Вот как убедительно ответил досточтимый дуайен, представляющий Великую Британию, каковая постоянно кичилась истинно демократическим почитанием законности. Сгоряча Костя хотел рассказать о Кинге, так же возмущённом скопищем нелепостей, но вовремя придержал язык, поскольку Ленлоп вполне мог помешать выходу статьи. Тогда он тоже пожеманничал:
– Для подобного действия адмирала, кажется, необходимо ваше согласие. Если вы разрешите...
– Что делать? Придётся... В крайнем случае часовые хоть защитят вас от разгневанной толпы или какого-нибудь фанатика.
– Благодарю вас, мистер Ленлоп, за столь трогательную заботу. Следовательно, адмирал Като уже получил карт-бланш?
– Увы, он вытворяет непозволительное... Явно от вас заразился анархией.
– Да, игнорируя собственное правительство, пойти на абсолютно сумасбродный шаг... За это могут элементарно разжаловать в матросы, что для адмирала равнозначно харакири. Как он дерзнул на подобное? Ведь для японца просто немыслимо чихнуть без разрешения начальства. Уж мыто мала-мала знаем их...
– У самураев своя логика. Нам трудно понять её.
– Но мне трудно понять и вашу. Даже отсюда видно, что ваш и американский крейсера стоят по бокам «Ивами». Неужели вы вместе не в состоянии помешать несчастному Като удержаться от харакири?
– Я же сказал: чем их будет меньше, тем лучше для нас.
В принципе всё было ясно. Косте уже надоело слушать скрипучий голос, изрекающий с презрительной медлительностью заурядную чепуху.
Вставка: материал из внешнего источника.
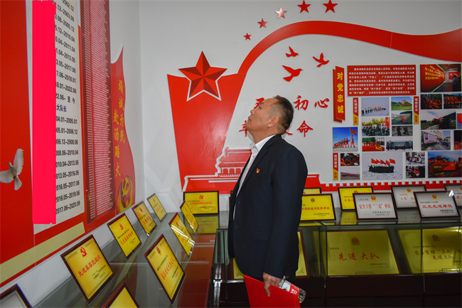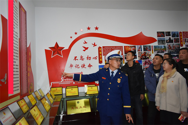 随后,全体党员参观了大队荣誉室,看着荣誉墙上面挂满的奖牌,大家无不对满墙的荣誉充满了敬佩!满墙的荣誉,一张张照片,见证了乌苏市森林消防大队全体消防救援人员团结一致、砥砺奋进、勇争荣誉的辉煌历史。

И особенно противно было видеть родинку, всё отчётливей смахивающую на паука, который постоянно шевелил волосинами лапок. Но необходимо выудить ещё какую-то ценную информацию. Поэтому Костя настырно допытывался:
– Как думаете, что на сей счёт скажет Америка?
– О-о-о, это непостижимо... Президент Вильсон ведёт себя так, словно предлагает нам угадать, что ему будет приятно, и сделать это. Столь странная застенчивость весьма беспокоит нас. Весь-сьма, поскольку предчувствие говорит, что скоро Вильсон первым открестится от своего мессианства, в котором старается всех убедить...
– Однако японцам от него наверняка влетит за самовольство?
– Надеюсь, я как-нибудь это переживу.
– Другие правительства, очевидно, учтут «серьёзность» причины, которая вынудила Като пойти на столь опрометчивый шаг?
– Безусловно. Иначе всем грозит удел служащих конторы «Исидо». Значит, определённые меры безопасности неизбежны.
– И как это вы по сей день живы? Хотя, насколько я знаю, всюду ходите без охраны.
– Счастливая случайность... Разве я застрахован от нападения любого русского хунхуза? Смерть может настигнуть меня в любой момент. Но я – на службе и постоянно рискую жизнью. Уже привык.
– Отважный вы человек... Только стоит ли так рисковать? Никаких отношений с советской властью у вас нет. Совершенно. Ни у кого. Так с какой стати подвергать себя опасности? Лучше отплыть восвояси и блаженствовать, где кому нравится. Чем это плохо?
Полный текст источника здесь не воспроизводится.